§ **Exercise**: Starting at the line with "2026년 1월 22일" and ending at the line with "The strategy optimiser", print exactly the lines of the entries below. Pictures do not belong in the copy.

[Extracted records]
- - - -

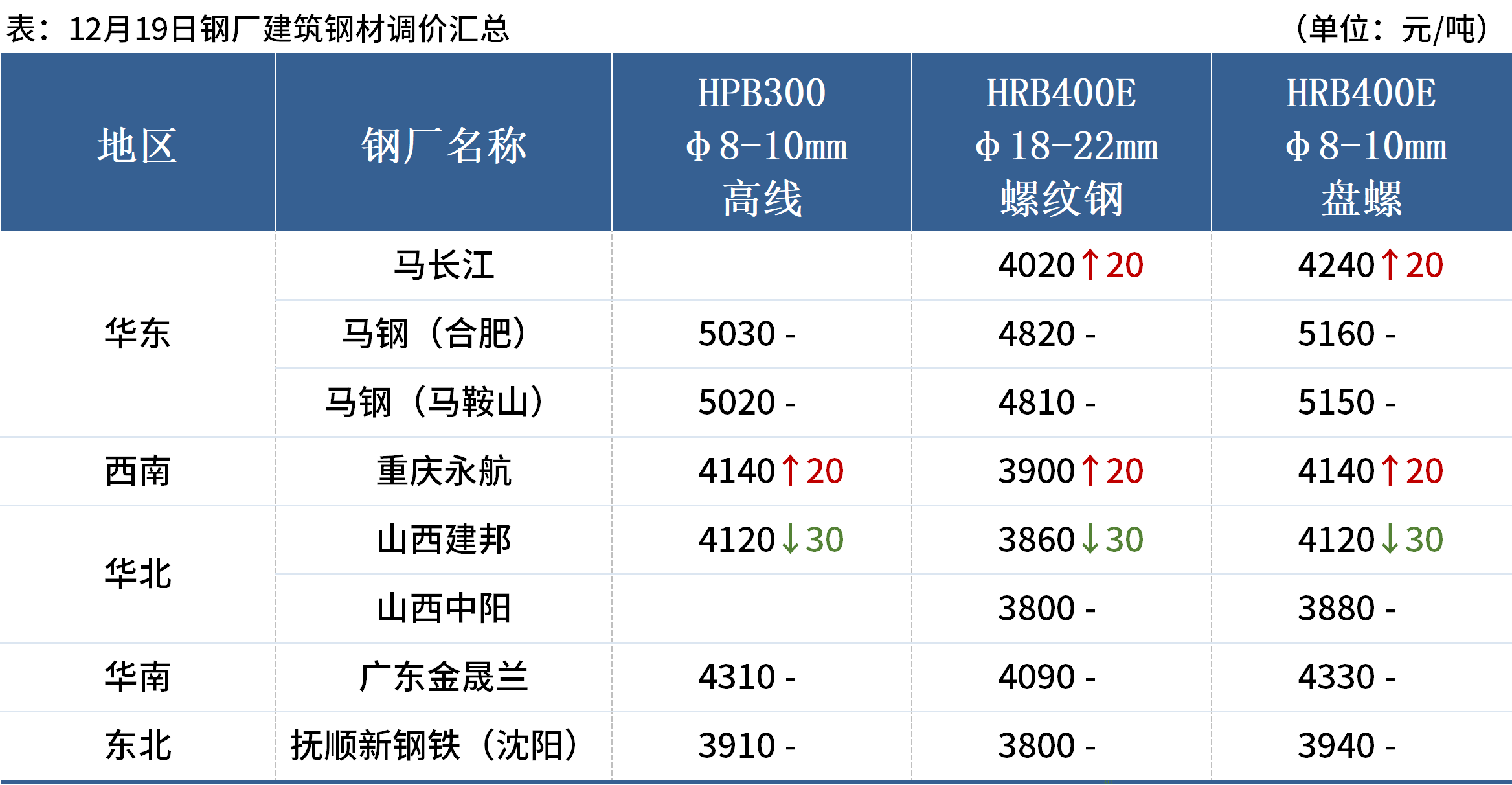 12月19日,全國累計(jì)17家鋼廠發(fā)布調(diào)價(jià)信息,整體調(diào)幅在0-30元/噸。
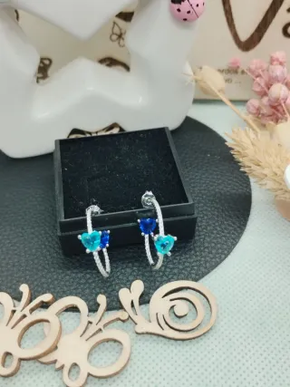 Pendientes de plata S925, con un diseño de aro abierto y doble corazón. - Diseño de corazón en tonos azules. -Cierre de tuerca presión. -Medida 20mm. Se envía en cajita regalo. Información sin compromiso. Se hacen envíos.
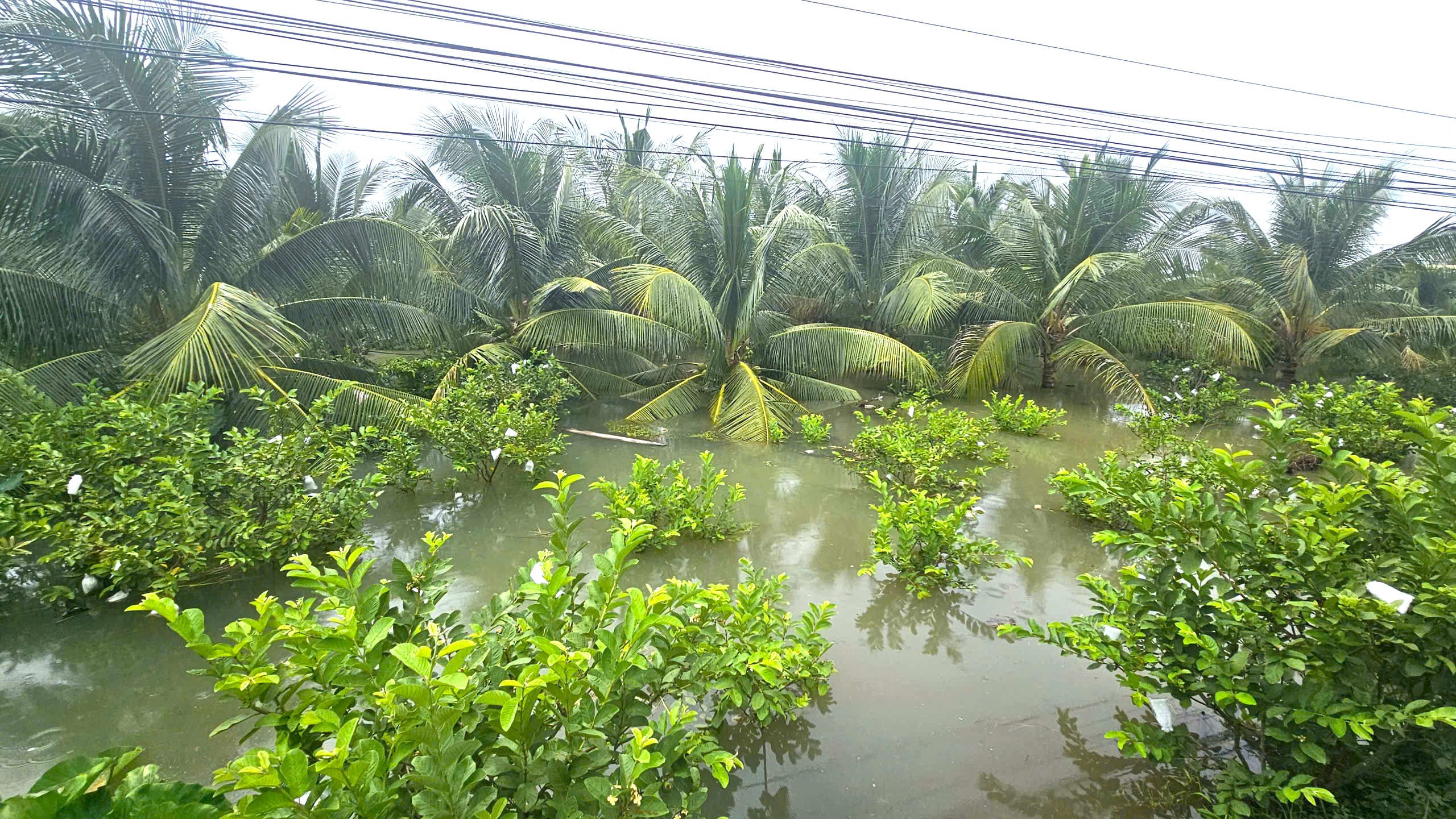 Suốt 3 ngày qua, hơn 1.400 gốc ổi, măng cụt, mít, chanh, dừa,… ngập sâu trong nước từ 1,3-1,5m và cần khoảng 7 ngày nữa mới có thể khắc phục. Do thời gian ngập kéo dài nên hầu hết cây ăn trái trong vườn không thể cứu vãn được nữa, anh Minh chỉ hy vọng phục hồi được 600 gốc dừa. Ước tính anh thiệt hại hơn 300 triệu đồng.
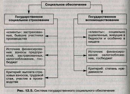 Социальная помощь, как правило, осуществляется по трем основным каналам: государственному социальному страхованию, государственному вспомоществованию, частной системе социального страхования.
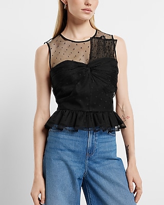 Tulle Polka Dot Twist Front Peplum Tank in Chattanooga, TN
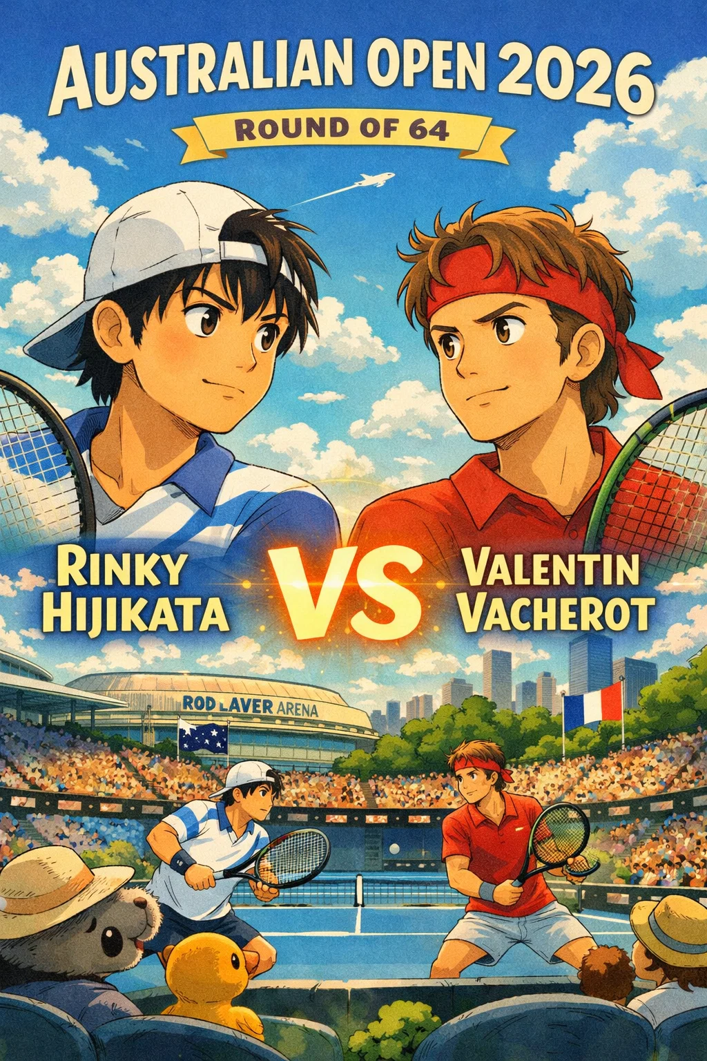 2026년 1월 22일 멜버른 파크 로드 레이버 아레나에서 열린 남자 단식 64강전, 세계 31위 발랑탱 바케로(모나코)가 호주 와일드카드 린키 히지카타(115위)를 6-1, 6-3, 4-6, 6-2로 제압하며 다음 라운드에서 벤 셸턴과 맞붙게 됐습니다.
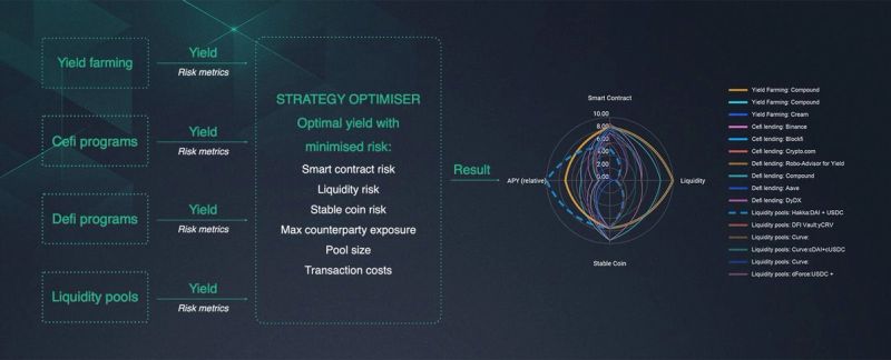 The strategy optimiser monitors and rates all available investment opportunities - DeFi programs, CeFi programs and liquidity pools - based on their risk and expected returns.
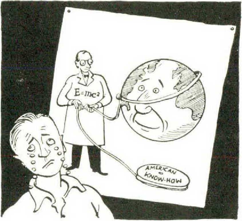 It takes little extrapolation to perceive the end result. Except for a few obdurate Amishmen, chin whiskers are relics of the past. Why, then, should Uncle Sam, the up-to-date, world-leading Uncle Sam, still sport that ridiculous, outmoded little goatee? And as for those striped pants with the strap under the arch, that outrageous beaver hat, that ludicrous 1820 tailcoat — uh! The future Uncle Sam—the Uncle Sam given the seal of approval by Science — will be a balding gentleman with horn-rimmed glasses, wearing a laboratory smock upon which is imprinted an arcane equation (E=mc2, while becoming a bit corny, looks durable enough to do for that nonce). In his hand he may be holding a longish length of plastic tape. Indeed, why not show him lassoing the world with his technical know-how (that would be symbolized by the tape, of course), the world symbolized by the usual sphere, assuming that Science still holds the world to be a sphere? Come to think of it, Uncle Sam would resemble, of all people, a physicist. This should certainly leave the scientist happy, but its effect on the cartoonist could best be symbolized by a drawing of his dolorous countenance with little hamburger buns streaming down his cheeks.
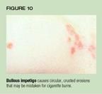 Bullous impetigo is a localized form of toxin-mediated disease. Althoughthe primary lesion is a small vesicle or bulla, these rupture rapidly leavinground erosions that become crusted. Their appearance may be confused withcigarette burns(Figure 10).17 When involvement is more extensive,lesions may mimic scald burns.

- - - -

§ **Exercise output**:
 2026년 1월 22일 멜버른 파크 로드 레이버 아레나에서 열린 남자 단식 64강전, 세계 31위 발랑탱 바케로(모나코)가 호주 와일드카드 린키 히지카타(115위)를 6-1, 6-3, 4-6, 6-2로 제압하며 다음 라운드에서 벤 셸턴과 맞붙게 됐습니다.
 The strategy optimiser monitors and rates all available investment opportunities - DeFi programs, CeFi programs and liquidity pools - based on their risk and expected returns.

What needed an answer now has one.